What is the difference between the CPU configurations you tried?

Regards, Jan


> Thanks,
> 
> Mathieu
> 
> ----- On Jun 23, 2015, at 4:21 PM, Mathieu Desnoyers mathieu.desnoyers at efficios.com wrote:
> 
> > I think I found the culprit (testing now):
> > 
> > int lttng_metadata_printf(struct lttng_session *session,
> >                          const char *fmt, ...)
> > 
> >                tmp_cache_alloc_size = max_t(unsigned int,
> >                                session->metadata_cache->cache_alloc + len,
> >                                session->metadata_cache->cache_alloc << 1)
> > 
> > should be:
> > 
> >                tmp_cache_alloc_size = max_t(unsigned int,
> >                                session->metadata_cache->metadata_written + len,
> >                                session->metadata_cache->cache_alloc << 1);
> > 
> > I think we have a possible memory corruption in the upstream code here.
> > 
> > More coming soon,
> > 
> > Thanks,
> > 
> > Mathieu
> > 
> > 
> > ----- On Jun 23, 2015, at 3:46 PM, Mathieu Desnoyers
> > mathieu.desnoyers at efficios.com wrote:
> > 
> >> ----- On Jun 23, 2015, at 9:46 AM, Jan Glauber jan.glauber at gmail.com wrote:
> >> 
> >>> On Sat, Jun 13, 2015 at 07:32:28PM +0000, Mathieu Desnoyers wrote:
> >>>> ----- On Jun 10, 2015, at 9:17 AM, Martin Leisener martin at leisener.de wrote:
> >>>> 
> >>>> > Hi Mathieu,
> >>>> > 
> >>>> > sorry for sending the broken patch, I fell for some "smart" formating of my
> >>>> > email client, I cannot utilize it myself the way I send it.

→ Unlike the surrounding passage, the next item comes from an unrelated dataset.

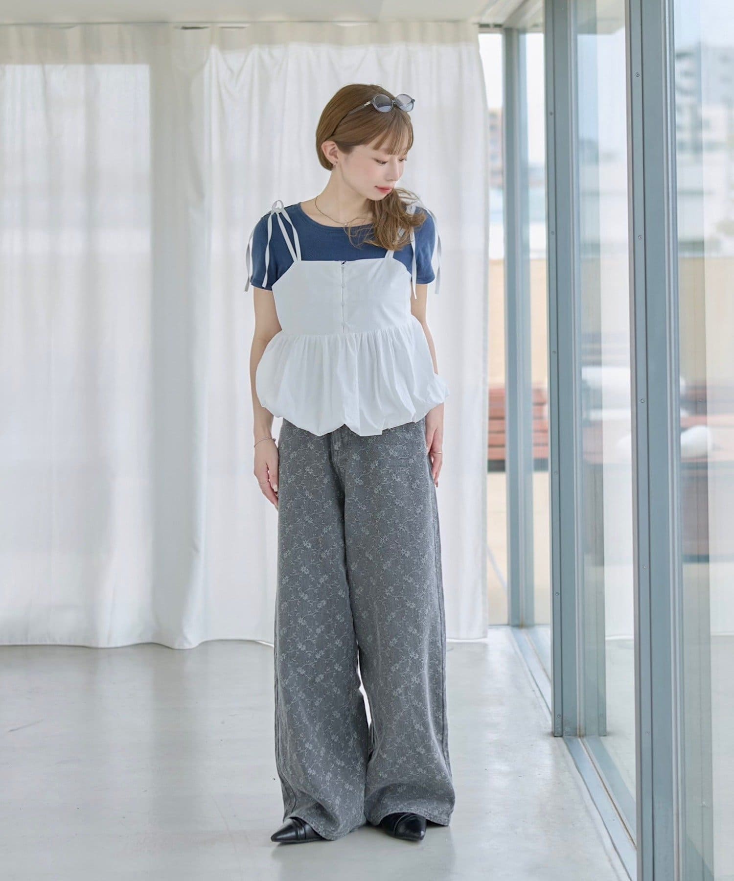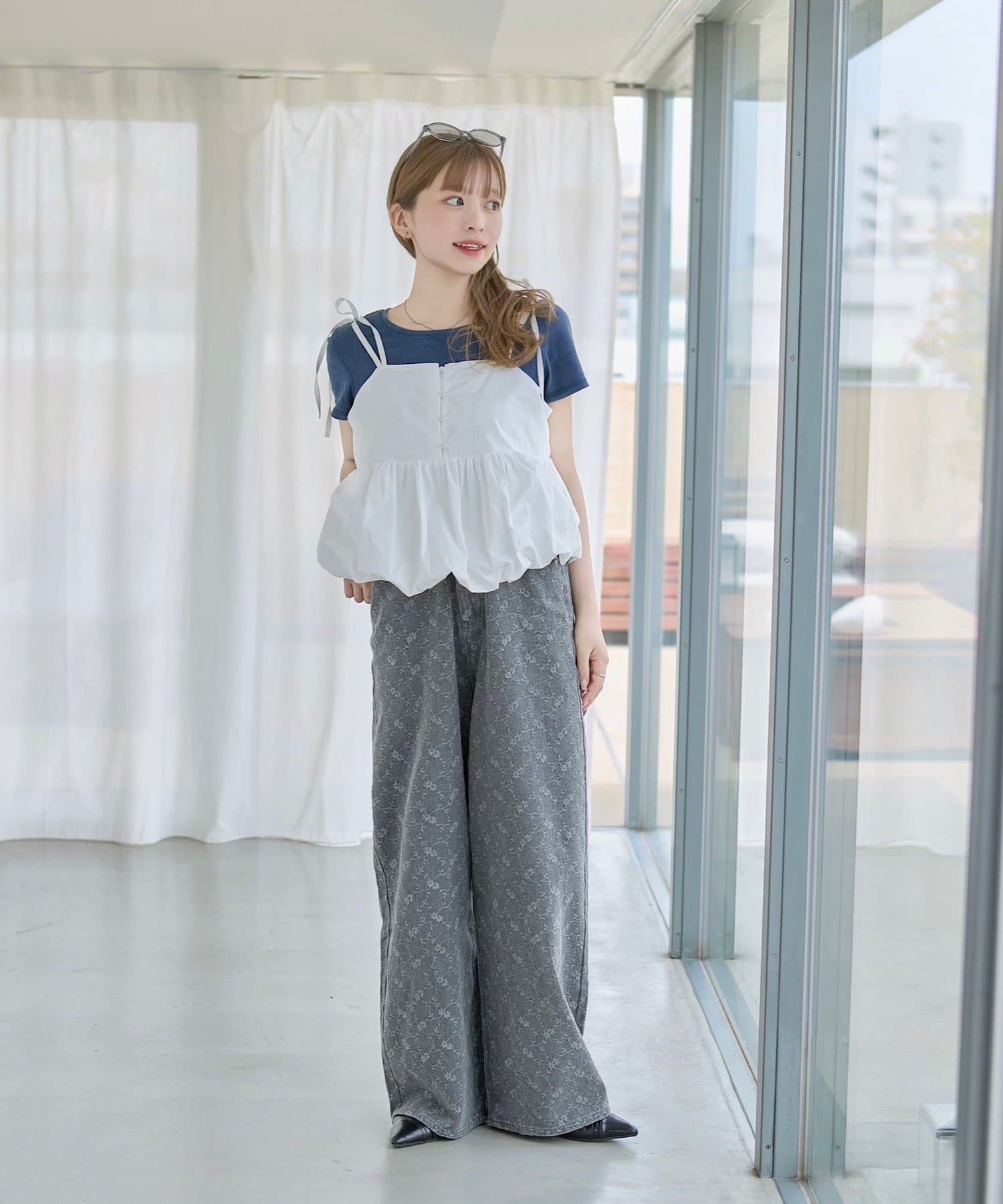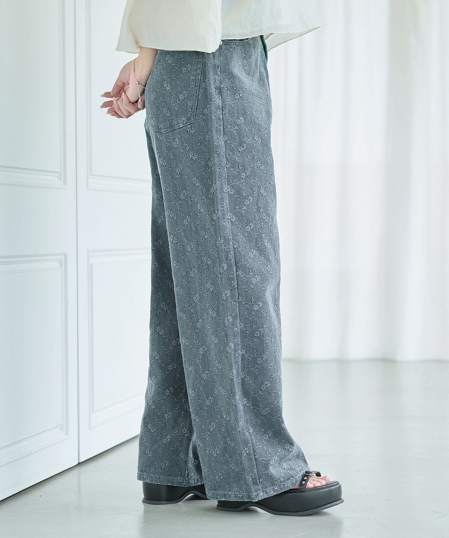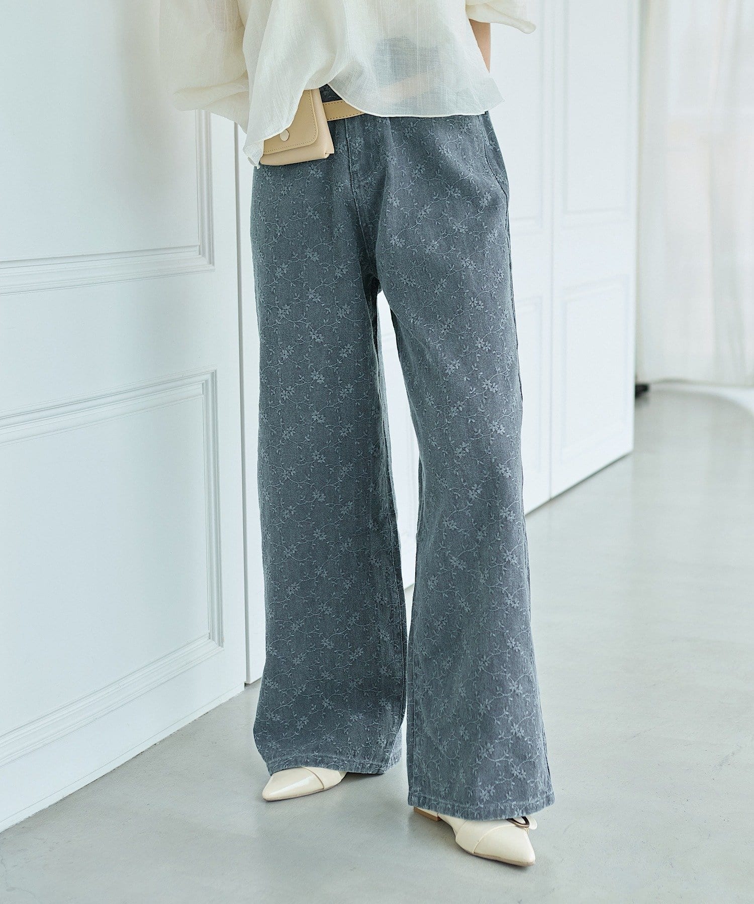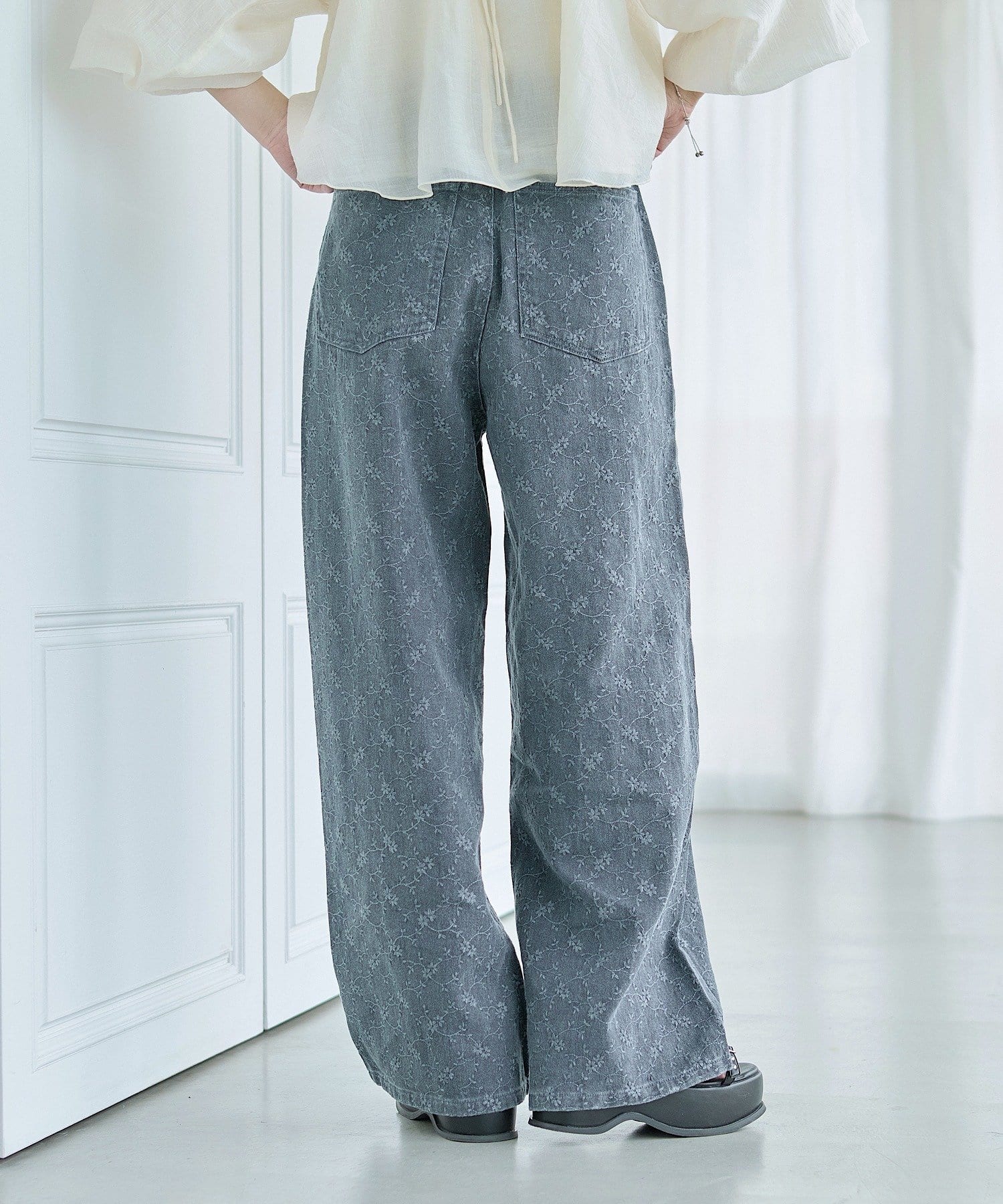 【2サイズ展開/低身長サイズ】ワイドフラワーエンブロイダリーデニム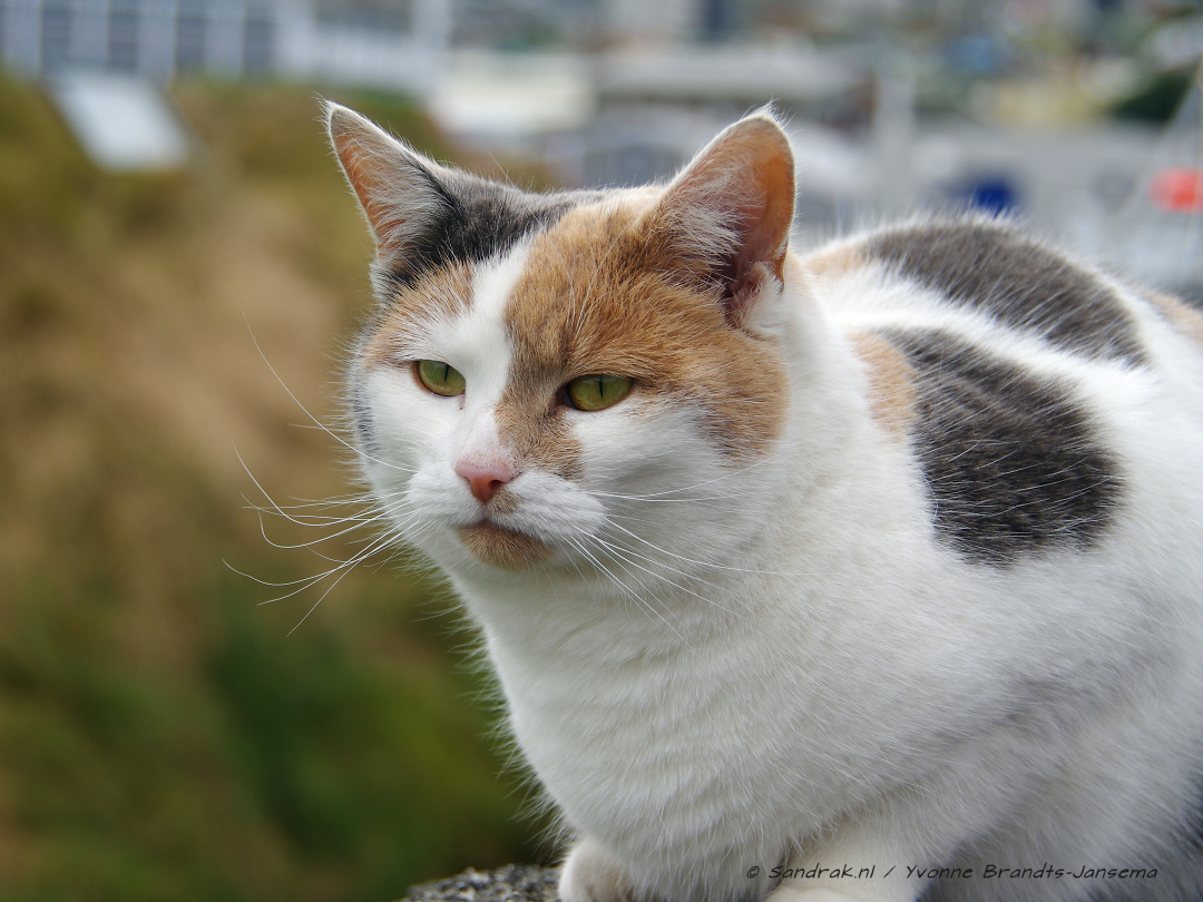 Schildpad poes, uitkijkend over de haven van Torshavn op de Faroer eilanden.

> >>>> > Hence I now send the patch again as it was original intended. Sent to myself, I
> >>>> > can apply it, so I hope it now works in general as well
> >>>> > I examined as recommended diff -urN, it seems the output can be utilized by
> >>>> > patch the same way as git diff.
> >>>> > Hope it is now received the way I intended.
> >>>> 
> >>>> Hi Martin,
> >>>> 
> >>>> I tried you patch on a x86-64 machine (my laptop), and although taking a
> >>>> single kernel trace worked fine, it appears to OOPS when I run
> >>>> 
> >>>> (in lttng-tools)
> >>>> cd tests
> >>>> ./run.sh root_regression
> >>> 
> >>> Hi Mathieu,
> >>> 
> >>> can you please share the oops message so I can have a look?
> >> 
> >> Sure,
> >> 
> >> Here is the backtrace happening with the attached patch over lttng-modules
> >> commit 8c6e7f13c778701dec2d6549f1e2ca98970907a0. I modified your patch
> >> slightly.
> >> 
> >> [ 4078.314978] BUG: unable to handle kernel paging request at ffffc900038d995e
> >> [ 4078.315824] IP: [<ffffffff81316f12>] __memcpy+0x12/0x20
> >> [ 4078.315824] PGD 236c92067 PUD 236c93067 PMD bac0c067 PTE 0
> >> [ 4078.315824] Oops: 0000 [#1] SMP
> >> [ 4078.315824] Modules linked in: lttng_probe_workqueue(O) lttng_probe_vmscan(O)
> >> lttng_probe_udp(O) lttng_probe_timer(O) lttng_probe_sunrpc(O)
> >> lttng_probe_statedump(O) lttng_probe_sock(O) lttng_probe_skb(O)
> >> lttng_probe_signal(O) lttng_probe_scsi(O) lttng_probe_sched(O)
> >> lttng_probe_regmap(O) lttng_probe_rcu(O) lttng_probe_random(O)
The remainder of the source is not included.